И голоса, друг другом пленены, Сливаются, серебряно и звонко, И взмах крыла колышет пух орлёнка, Как тёплый бриз - соцветия весны.
Уже открыты чистые страницы, И будущее, тихо проступая, Мои глаза встречает, чуть дыша.
И, раздвигая времени границы, Течёт навстречу, как вода живая, Любовью воплощенная душа.
Возвращение
Не в силах обратить к истокам реки, Покорная течению минут, Мелодия покинула приют Дыханием затрепетавшей деки.
И я послушно опускаю веки, И слушаю, как ангелы поют, И сердце вырывается из пут Не на мгновенье, не на год – навеки…
Вот так дорога, повернув назад, Вдоль по долине убегает к дому, Где на веранде вьётся виноград.
Так и меня к порогу дорогому Ты возвращаешь – никому другому Не повторить печаль твоих наград…
Блуждание духа
Звезда скитаний, Одиссея плот, И марево над берегом Итаки, И прорицаний сумрачные знаки, И страхи ночи, и холодный пот…
Безлюдная дорога, поворот, Селенья терпкий дым, и лай собаки, Зерно к земле склоняющие злаки, Родник, чей нежный сон чинара пьёт…

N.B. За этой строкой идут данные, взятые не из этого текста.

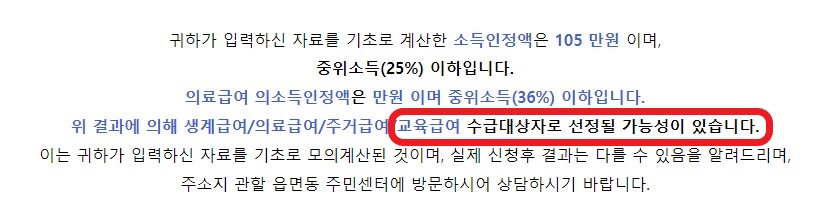 교육급여를 받기위해서는 신청가구원의 소득과 재산만을 확인하고 있습니다. 소득 및 재산이 중위소득(소득이 정액이) 50% 이하인 가정에 초·중·고등학생의 자녀가 있다면 교육급여 바우처 지원이 가능합니다.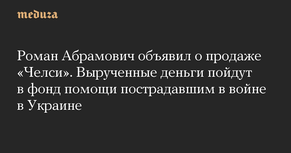 Абрамович заявил, что деньги, вырученные от продажи клуба, пойдут в благотворительный фонд, который будет учрежден для помощи пострадавшим в войне в Украине.

Блуждая незапамятными снами По строчкам незаписанной судьбы, Любовь покорно следует за нами.
И угасают свечи ворожбы, Когда зари сияющее знамя Горит, как медь архангельской трубы…
Дорога в Рим
Как паруса, колышутся поля, Поют колосья тёплыми волнами, И небо разгорелось перед нами, Вином рассвета жажду утоля...
А впереди, дорогою пыля, Несётся всадник – скоро за холмами Он скроется, и солнечными снами В его глазах окрасится земля.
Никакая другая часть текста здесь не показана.